Although – unlike smoking – a poor diet mainly only affects the person eating it, the Swedish norm of eating cakes during coffee breaks can make it even harder for those with a sugar addiction to fight it or for those just trying to cut down to change their eating habits.
Of course already you could argue here that people are responsible for their own diets. This is partly true. But it ignores the fact that those who have a sugar addiction may not be able to control their cravings.
Medical student Haroon Bayani is campaigning for fewer cakes in the Swedish workplace. Photo: Private
If we all respected the idea of achieving healthier eating habits, I am sure that we could all have a positive impact. Again we can compare this to the smoking ban and how this has benefited both smokers and non smokers alike in the workplace.

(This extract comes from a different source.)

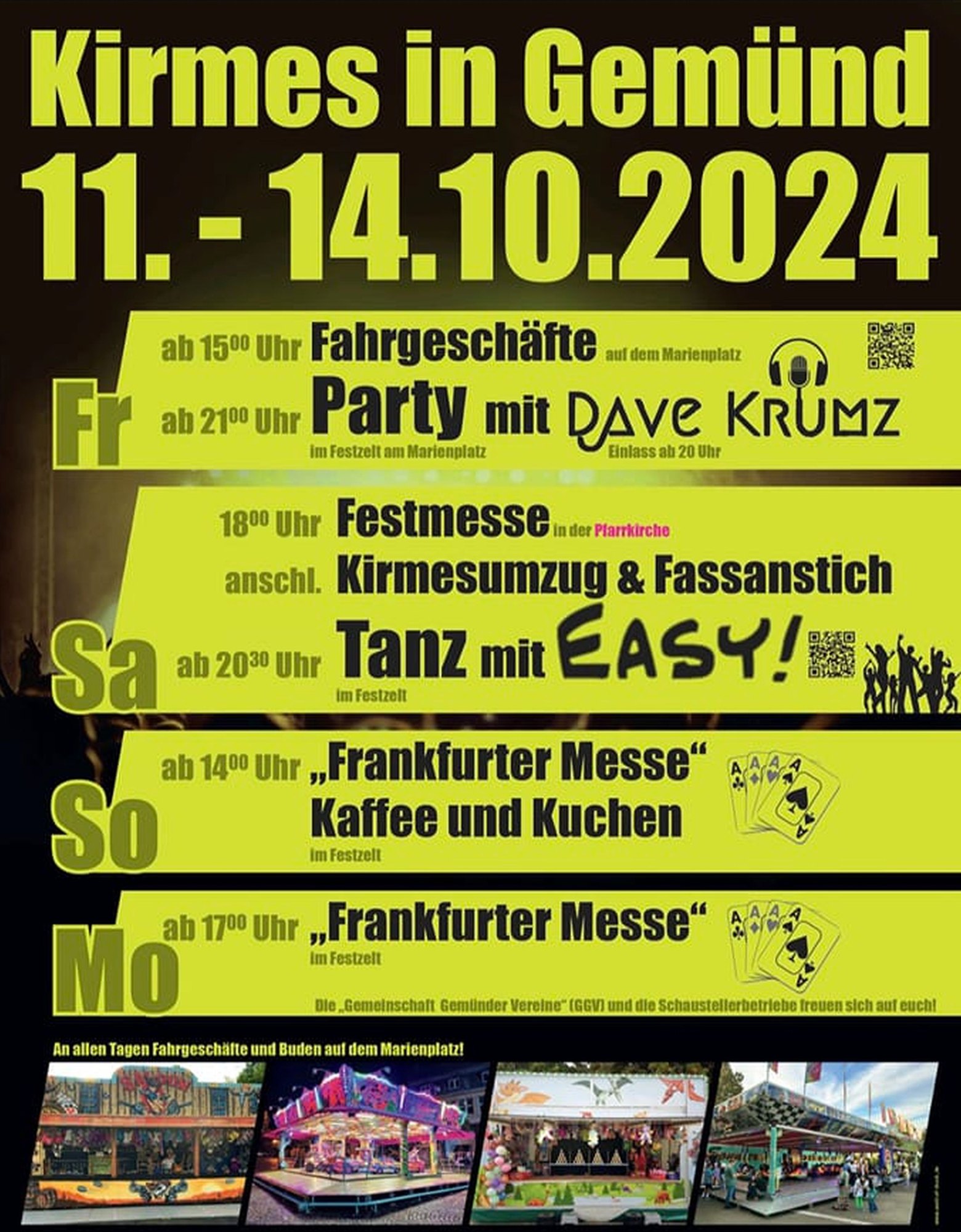 Die Gemeinschaft der Gemünder Vereine lädt von Freitag bis Montag, 11. bis 14. Oktober, zur Gemünder Kirmes ein. Am gesamten Kirmeswochenende wird ein buntes Programm angeboten. Es geht am Freitag, 11. Oktober, ab 15 Uhr auf dem Marienplatz mit dem Angebot der Fahrgeschäfte los. Es gibt Autoscooter, Schießbude, ein Kinderkarussell und eine bunten Vielfalt an Kirmesbuden. Für Essen und Trinken ist gesorgt. Ab 20 Uhr ist Einlass ins Festzelt gegenüber dem Marienplatz, wo um 21 Uhr ein Partyabend mit DJ Dave Krumz startet.

Do you even need sweet snacks with your coffee? Of course the answer is obviously 'no', especially when there are so many long term consequences linked to high sugar consumption: obesity, diabetes, kidney problems.
In the short term, we can also experience 'sugar lows' when we get tired just an hour after eating cakes or sweets. This is not optimal in a workplace.
Therefore I believe that cakes and buns should be taken away and replaced with something else, for example nuts or fruit. Or better still, make do with just coffee.
We should not ban sweets. I am not going that far. I believe that both employers and employees have a responsibility to do their best to make the workplace as pleasant as possible, but at the same time they should also try and keep it free from harmful products.
I urge people to dare to feel uncomfortable and to try not to succumb to the lure of cookies. Dare to break 'kaknormen' and pave the way for a much healthier lifestyle.